Il mese di marzo porta l’inizio della primavera, pur mantenendo un andamento climatico ancora molto instabile. Il 21 del mese, le ore di buio e quelle di luce si equivalgono, per la presenza dell’equinozio primaverile. In quei giorni i rospi escono dal letargo e cantano, infatti un detto contadino faceva sapere che cuànd a canta al bōt al dè l-ê lóngh damànt la nōt, quando canta il rospo, il dì è lungo come la notte. Il 19 marzo, giorno dedicato a San Giuseppe, terminavano le veglie nelle stalle e da quella data in poi, di solito, finiva anche il grande freddo invernale. Riprendevano i grandi lavori agricoli all’aperto, come le zappature in preparazione dei terreni, le potature e gli innesti nei vigneti e le semine negli orti.
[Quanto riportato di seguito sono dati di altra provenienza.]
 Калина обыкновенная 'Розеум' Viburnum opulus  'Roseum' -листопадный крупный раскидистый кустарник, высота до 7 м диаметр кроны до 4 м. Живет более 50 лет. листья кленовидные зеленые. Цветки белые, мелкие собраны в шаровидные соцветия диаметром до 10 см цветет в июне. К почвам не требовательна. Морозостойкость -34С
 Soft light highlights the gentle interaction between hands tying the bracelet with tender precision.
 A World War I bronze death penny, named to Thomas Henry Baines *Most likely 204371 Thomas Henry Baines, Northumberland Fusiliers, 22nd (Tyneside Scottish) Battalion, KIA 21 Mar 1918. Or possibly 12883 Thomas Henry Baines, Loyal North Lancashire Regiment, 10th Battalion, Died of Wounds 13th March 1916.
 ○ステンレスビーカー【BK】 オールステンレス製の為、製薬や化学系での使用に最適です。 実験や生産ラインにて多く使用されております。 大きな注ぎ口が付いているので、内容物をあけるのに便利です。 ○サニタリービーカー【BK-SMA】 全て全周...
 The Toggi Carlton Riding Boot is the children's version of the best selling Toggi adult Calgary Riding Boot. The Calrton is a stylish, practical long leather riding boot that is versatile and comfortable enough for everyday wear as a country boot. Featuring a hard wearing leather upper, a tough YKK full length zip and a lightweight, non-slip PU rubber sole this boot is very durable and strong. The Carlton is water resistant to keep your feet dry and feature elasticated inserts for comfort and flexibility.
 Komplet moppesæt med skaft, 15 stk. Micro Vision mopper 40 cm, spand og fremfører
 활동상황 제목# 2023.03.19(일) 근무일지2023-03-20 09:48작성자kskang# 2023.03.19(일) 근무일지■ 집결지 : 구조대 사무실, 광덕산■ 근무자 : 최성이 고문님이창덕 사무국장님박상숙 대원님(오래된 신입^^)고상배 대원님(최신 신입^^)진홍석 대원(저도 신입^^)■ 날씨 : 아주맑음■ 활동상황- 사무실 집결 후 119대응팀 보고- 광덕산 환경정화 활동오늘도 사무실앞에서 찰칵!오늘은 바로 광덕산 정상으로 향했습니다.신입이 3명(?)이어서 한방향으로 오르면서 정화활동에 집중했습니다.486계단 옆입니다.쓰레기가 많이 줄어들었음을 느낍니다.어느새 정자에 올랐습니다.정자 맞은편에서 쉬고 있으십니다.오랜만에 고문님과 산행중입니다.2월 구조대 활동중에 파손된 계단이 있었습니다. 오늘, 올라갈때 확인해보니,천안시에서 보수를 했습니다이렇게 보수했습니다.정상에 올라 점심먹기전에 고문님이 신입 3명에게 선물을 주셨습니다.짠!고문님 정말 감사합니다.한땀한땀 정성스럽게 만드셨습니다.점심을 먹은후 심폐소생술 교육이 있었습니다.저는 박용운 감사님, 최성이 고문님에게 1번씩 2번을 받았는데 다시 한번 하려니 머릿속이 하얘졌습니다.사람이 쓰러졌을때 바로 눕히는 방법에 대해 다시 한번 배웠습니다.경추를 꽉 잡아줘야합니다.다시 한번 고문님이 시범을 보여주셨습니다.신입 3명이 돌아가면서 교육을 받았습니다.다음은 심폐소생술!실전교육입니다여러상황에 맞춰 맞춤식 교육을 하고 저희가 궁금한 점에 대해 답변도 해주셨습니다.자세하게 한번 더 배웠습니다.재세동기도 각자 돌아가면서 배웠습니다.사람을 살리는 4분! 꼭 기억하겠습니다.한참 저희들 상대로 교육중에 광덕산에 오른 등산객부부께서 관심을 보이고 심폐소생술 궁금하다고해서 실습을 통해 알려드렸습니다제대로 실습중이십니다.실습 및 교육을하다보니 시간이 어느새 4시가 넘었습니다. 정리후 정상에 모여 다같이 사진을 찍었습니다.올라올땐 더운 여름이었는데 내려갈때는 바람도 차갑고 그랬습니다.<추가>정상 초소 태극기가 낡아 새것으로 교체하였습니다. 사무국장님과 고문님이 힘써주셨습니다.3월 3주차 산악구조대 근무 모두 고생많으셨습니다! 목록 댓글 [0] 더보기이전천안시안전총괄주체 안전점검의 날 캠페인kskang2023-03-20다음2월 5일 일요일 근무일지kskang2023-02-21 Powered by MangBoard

A fine mese, negli anni con inverni più miti, in molte zone, dopo arature e concimazioni, avveniva persino la semina della canapa.

 

Ricetta contadina

Erbazzone dolce

Erbazzone dolce

Con 200 gr di farina 00, 150 gr di ricotta (piuttosto soda), un uovo intero, 70 gr di zucchero a velo, 50 gr di burro sciolto e un cucchiaio di lievito per dolci, preparate sul tagliere un impasto; lavoratelo velocemente e mettete a riposare per almeno 30 minuti,...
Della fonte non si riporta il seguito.